The Question of Nationalism


Elton C. Fax. 

Garvey: the Story of a Pioneering Black Nationalist. New York: Dodd, Mead & Co., 1972.

The goal of Marcus Garvey’s (1887-1940) United Negro Improvement Association(UNIA) was “to unite all the Negro peoples of the world into one great body to establish a country and government absolutely their own.” The nationalist organization was part of the landscape of 1920s Harlem, representing a departure from the more integration oriented activities of Harlem Renaissance writers and artists. At its height the UNIA had millions of members. The cornerstone of his project was the Back to African Movement, for which Garvey created a line of steamships meant to provide jobs and transport African Americans to Liberia. The publication of this biography in 1972 suggests Garvey’s influence on Black nationalist thought fifty years after the heyday of the UNIA.

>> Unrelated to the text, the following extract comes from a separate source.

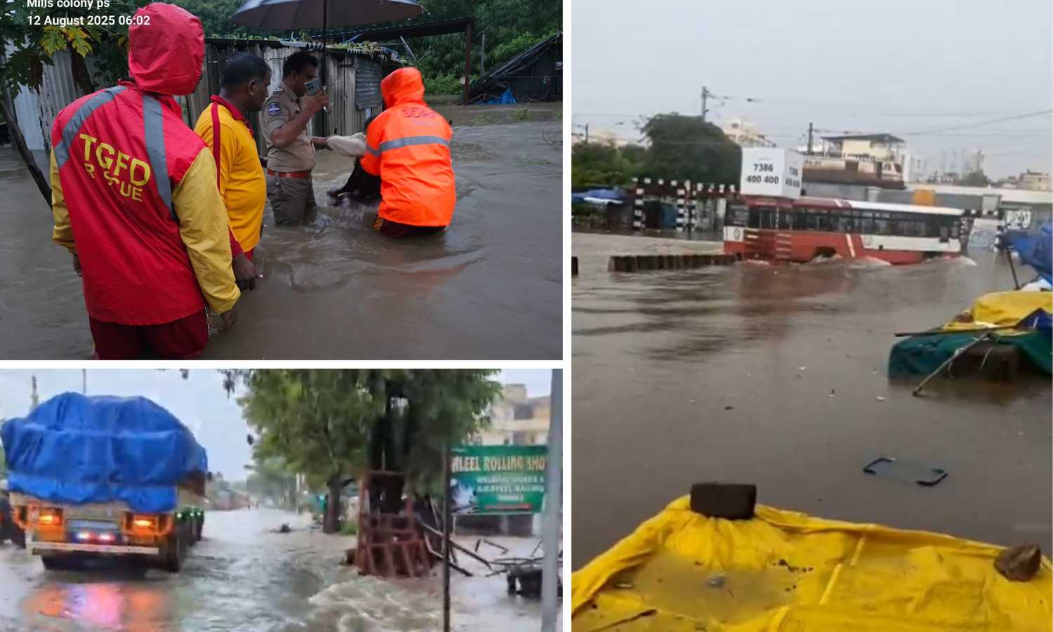 Hyderabad: Heavy rains battered Warangal, Hanumakonda, and Kazipet from midnight on Monday, flooding low-lying areas and disrupting traffic. In Hanumakonda, waterlogging hit the bus stand, Chowrasta, and residential localities such as Hasanparthy, Reddypuram, Gokul Nagar, Ambedkar Nagar, and New Shayampet. Officials urged residents in vulnerable spots to shift to safer places.

Imamu Amiri Baraka (LeRoi Jones) 1934-2014

A Black Value System. Newark, NJ: Jihad Productions, 1970, 1969. Author’s autograph copy.

Poet and essayist Amiri Baraka was a major theorist of a current of Black nationalist thought and practice that developed in the later years of the 1960s. A Black Value System lays out the principles behind the Kwaanza celebration, which originated in California in connection with the US organization, led by Black nationalist leader Maulana Karenga. After meeting Karenga in 1968, Baraka adopted elements of Karenga’s African-inspired ideology into his own thinking. This included the philosophical guidelines for the celebration of Kwaanza, which was inspired by African harvest festivals, and which is observed by many African Americans today. This is a first edition of the booklet, published by Baraka’s press Jihad Productions, based in Newark, New Jersey.

Albert Murray, 1916-2013

The Omni-Americans; New Perspectives on Black Experience and American Culture. New York: Outerbridge & Dienstfrey; distributed by E.P. Dutton, 1970. First edition.

Described by one literary historian as a “militant integrationist,” Albert Murray, countered the positions of Black nationalist artists such as Baraka, whose work during the 1960s and 1970s emphasized cultural links between African Americans and Africa, and a corresponding distance from  American (i.e. white) practices. In The Omni Americans, Murray presents African American culture as deeply implicated in American culture. Black Americans, he writes, are “omni-Americans,” whose improvisatory, adaptive style has thoroughly infused American culture, to its benefit. This first edition of the book is from the Richard Hoffman collection.

Elaine Hansberry, 1930-1965

A Raisin in the Sun. London: Methuen, 1960,1959. First edition.

A Raisin in the Sun is one of the most successful African American plays of all time. Set in 1950s Chicago, it tells the story of the Younger family and their successful attempt to integrate a white neighborhood in the face of racial discrimination. The play also touches on questions of identity and cultural expression that would be very important for Black nationalists and others during the 1960s. This copy contains a signed photograph of actor Sidney Poitier, part of the original cast of both the Broadway and the film versions of the play.